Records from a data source
---------------

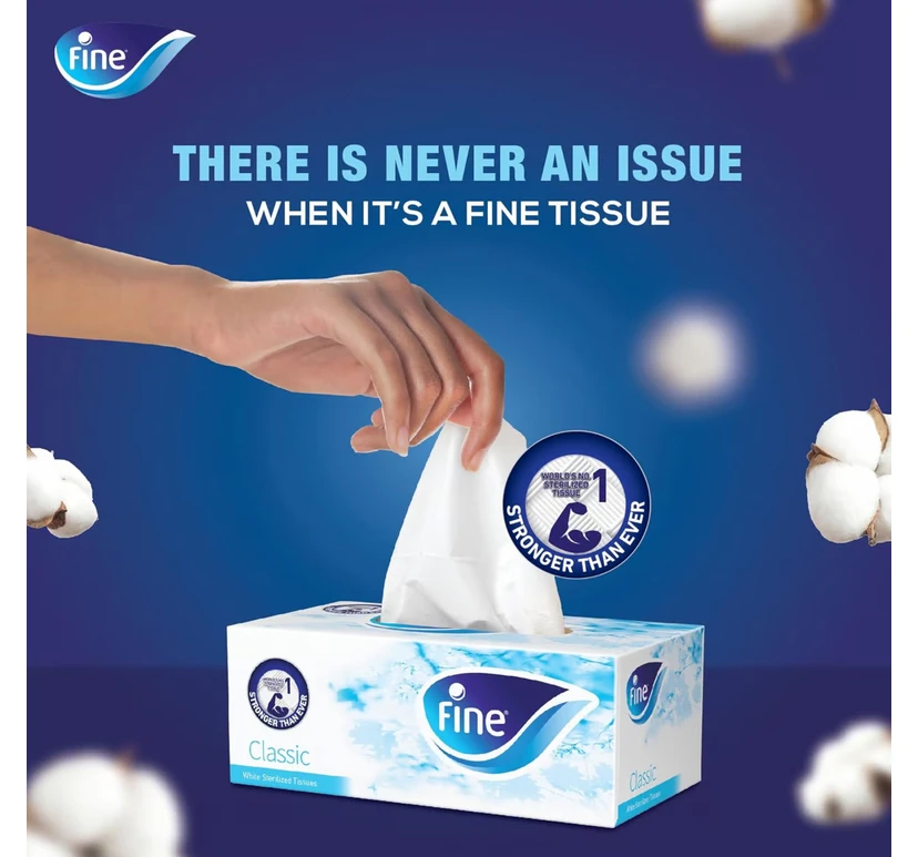 فاين كلاسيك مناديل وجه بيضاء معقمة طبقتين 100 منديل
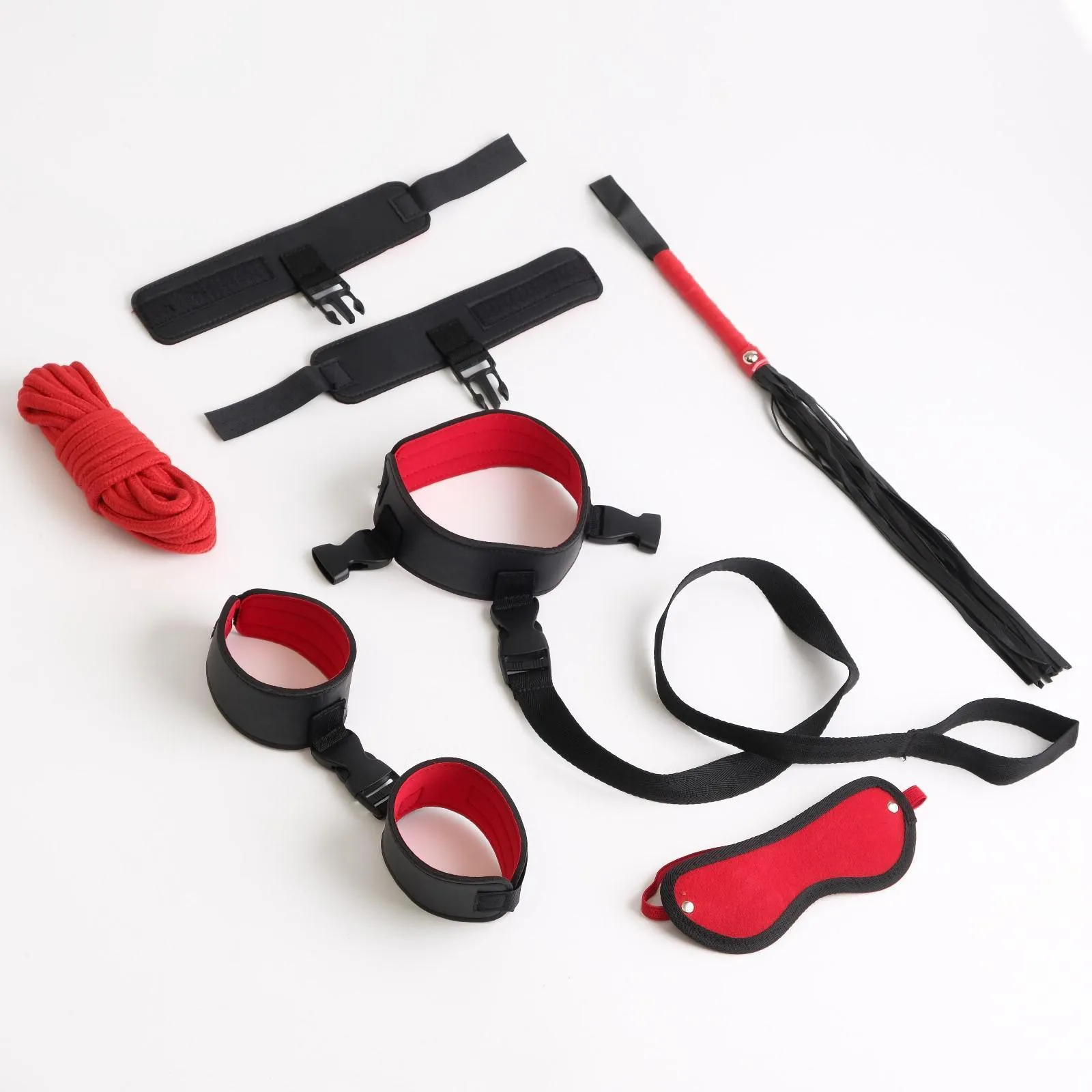 БДСМ набор выполнен из эко-кожи. В состав набора входят 7 предметов: наручники, оковы, ошейник, поводок, маска, верёвка, плеть.
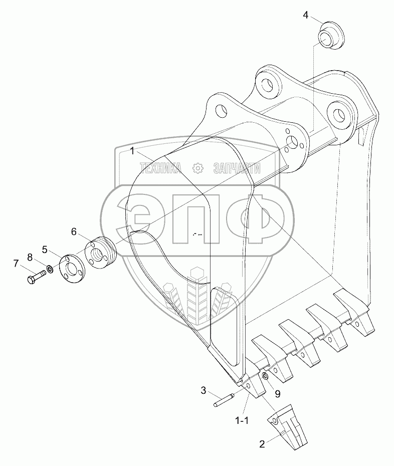 Каталог запасных частей к технике: Hyundai R210NLC-9. BUCKET (5 TEETH, HEAVY DUTY)
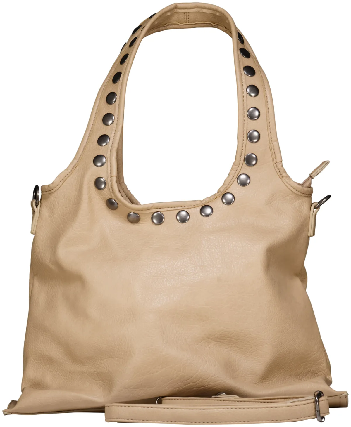 Tas van Zo, tas met casual, sophisticated uitstraling en effen afwerking. Het soepele materiaal heeft een brede schouderband met metalen studs, een ritsvak aan de voorkant en een afneembare, verstelbare schouderriem met clips. Handig voor dagelijks gebruik en netjes te combineren.
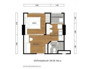 ห้องเลขที่ A-3116 ชั้น 31 ขนาดห้อง 26 ตร.ม. (1 ห้องนอน 1 ห้องน้ำ)
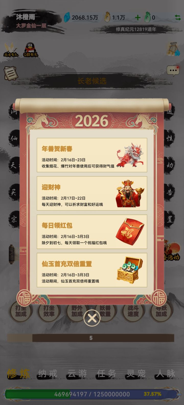 各位道友:新春将至,《仙境苍穹》将在2月16日11:00开启新服“禧岁灵霄”。为庆祝新服开启&新春来临,开启“仙境苍穹过新春”的晒图活动活动时间:2026/02/16-2026/03/03活动奖励:奖品:仙玉x1888、打坐加成礼包x2、野外加成礼包x2【参与方式】本次活动需以图文形式在《仙境苍穹》论坛发布新帖,发帖晒出新春系列活动相关元素的游戏截图,即可领取奖励,例如年兽贺新春、迎
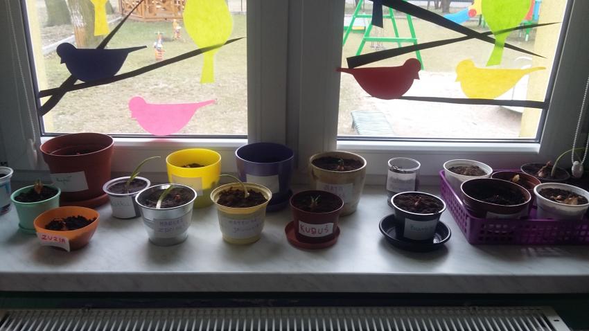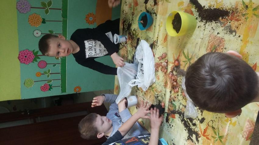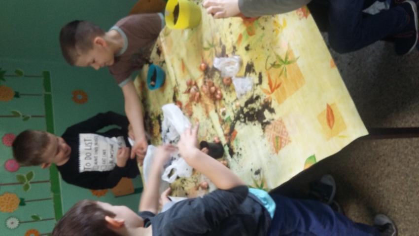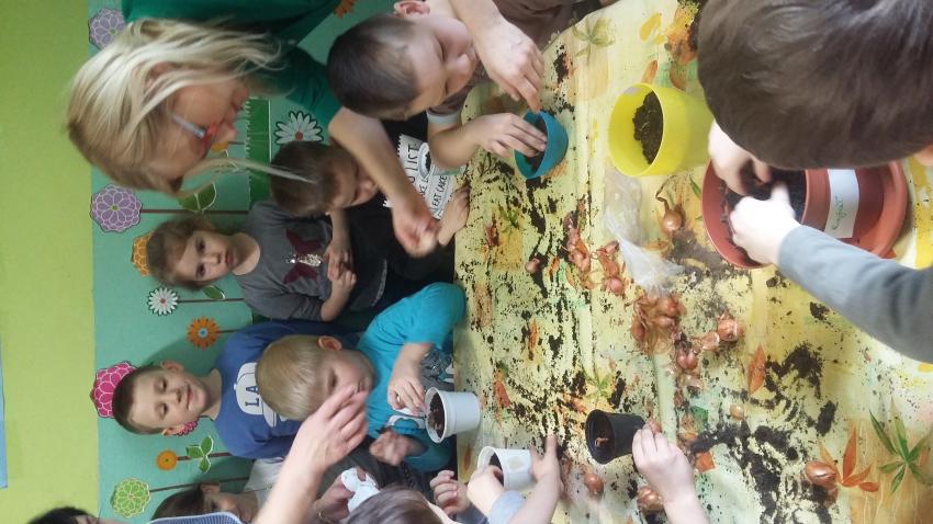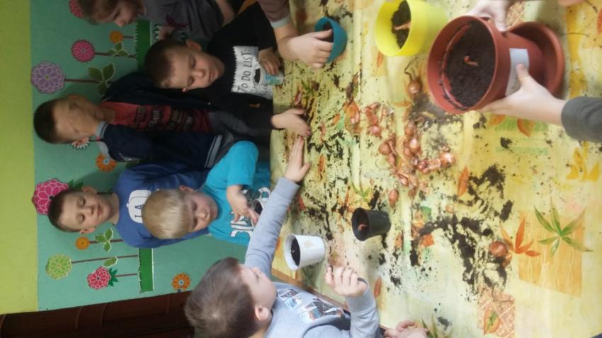Grupa "MĄDRE SOWY" założyła w kąciku przyrody hodowle różnego rodzaju cebulek. Będziemy pielęgnować rośliny i obserwować jak wzrastają.
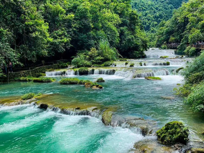 7:00早餐后乘车前往被联合国教科文组织誉为“地球上同纬度的最后一颗绿宝石”的黔南荔波(车程约4小时),中餐后乘车(10分钟)抵达国家AAAAA级风景区【小七孔】,游玩时间:不少于3小时;景点之间需换乘电瓶车(须自理电瓶车50元/人,走路无法游览)小七孔景区因一座建造于道光15年间(1836年)的小七孔石桥而得名;景区被称之为“超级盆景”,集山、水、洞、林、湖、瀑布等为一体,在长不到2公里的峡谷内,起迭着68级瀑布,顺贽而下,奔泻而去。
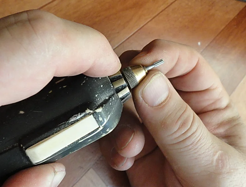 Artem2210, тут есть два варианта - или как тебе уже и сказали, купить цанговый патрон (стоит рублей 100-200), или же купить отдельно гибкий вал для гравюра (стоить будет рублей 200). Его хвостик зажимается в патроне дрели, а та в свою очередь прижимается к верстаку.
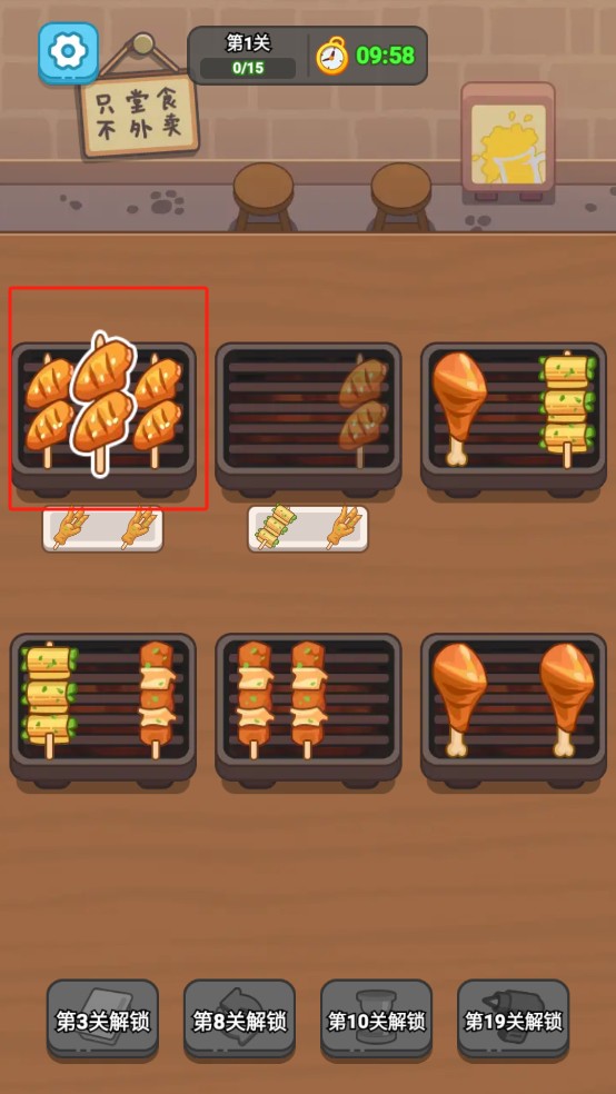 2、体验真实而趣味的烧烤模拟,玩家需合理选择烧烤菜谱,以满足不同需求。
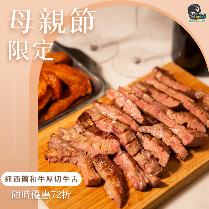 指定商品,母親節限時優惠!購買1組薄切牛舌,加購厚切牛舌1組,厚切牛舌8折再折40元!
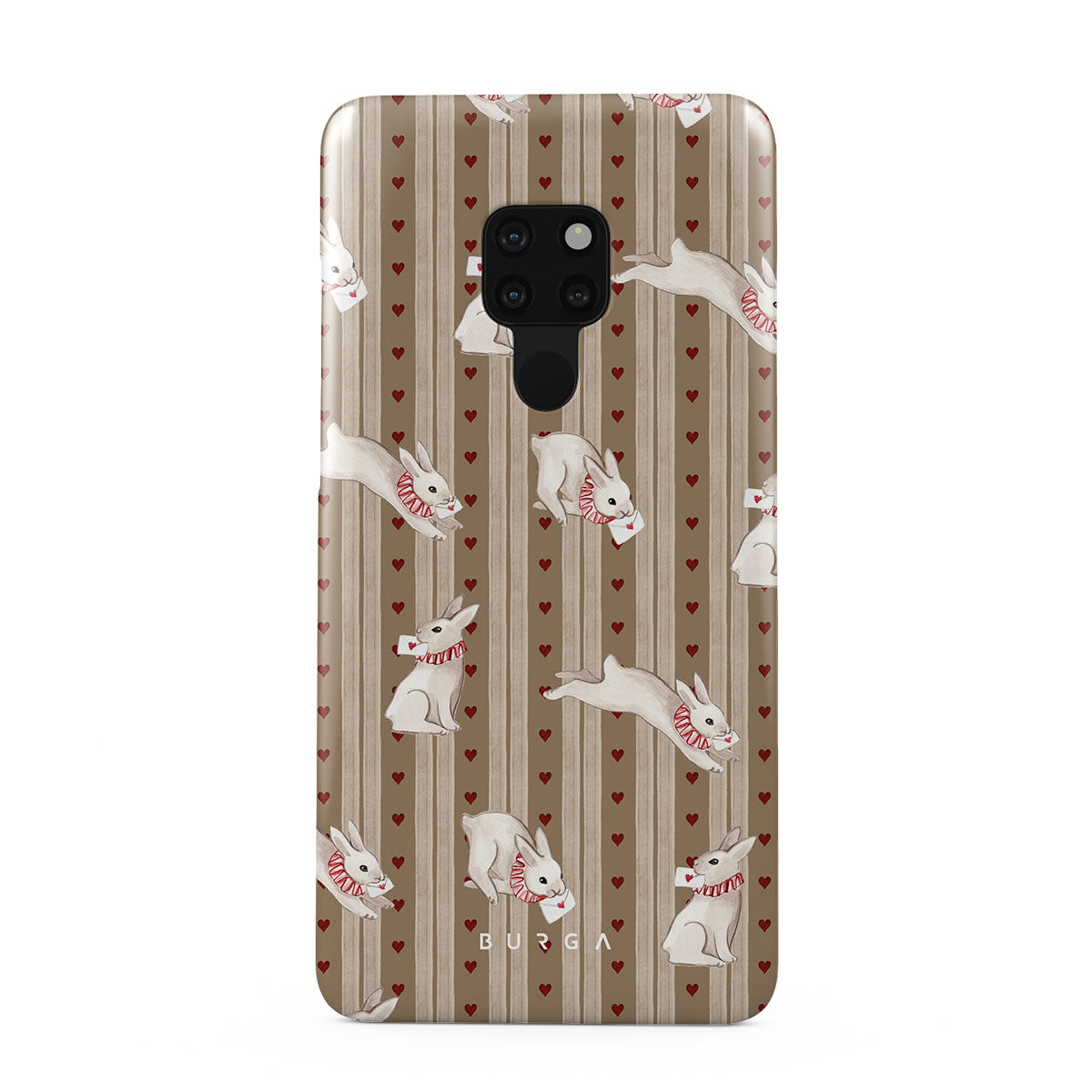 The Late Again Huawei Mate 20 phone case design is a love letter lost in time—scattered hearts, hurried notes, and white rabbits racing against a clock that refuses to be tamed. Sent, but never received. Read, but never answered. Always running, always chasing, always just a moment too late.

---------------

◆ Your objective ◆
Give again, word for word, only the lines that run from the top of the data above through the line with "Каталог запасных частей". Drop the pictures.

◆ Output of the task ◆
 فاين كلاسيك مناديل وجه بيضاء معقمة طبقتين 100 منديل
 БДСМ набор выполнен из эко-кожи. В состав набора входят 7 предметов: наручники, оковы, ошейник, поводок, маска, верёвка, плеть.
 Каталог запасных частей к технике: Hyundai R210NLC-9. BUCKET (5 TEETH, HEAVY DUTY)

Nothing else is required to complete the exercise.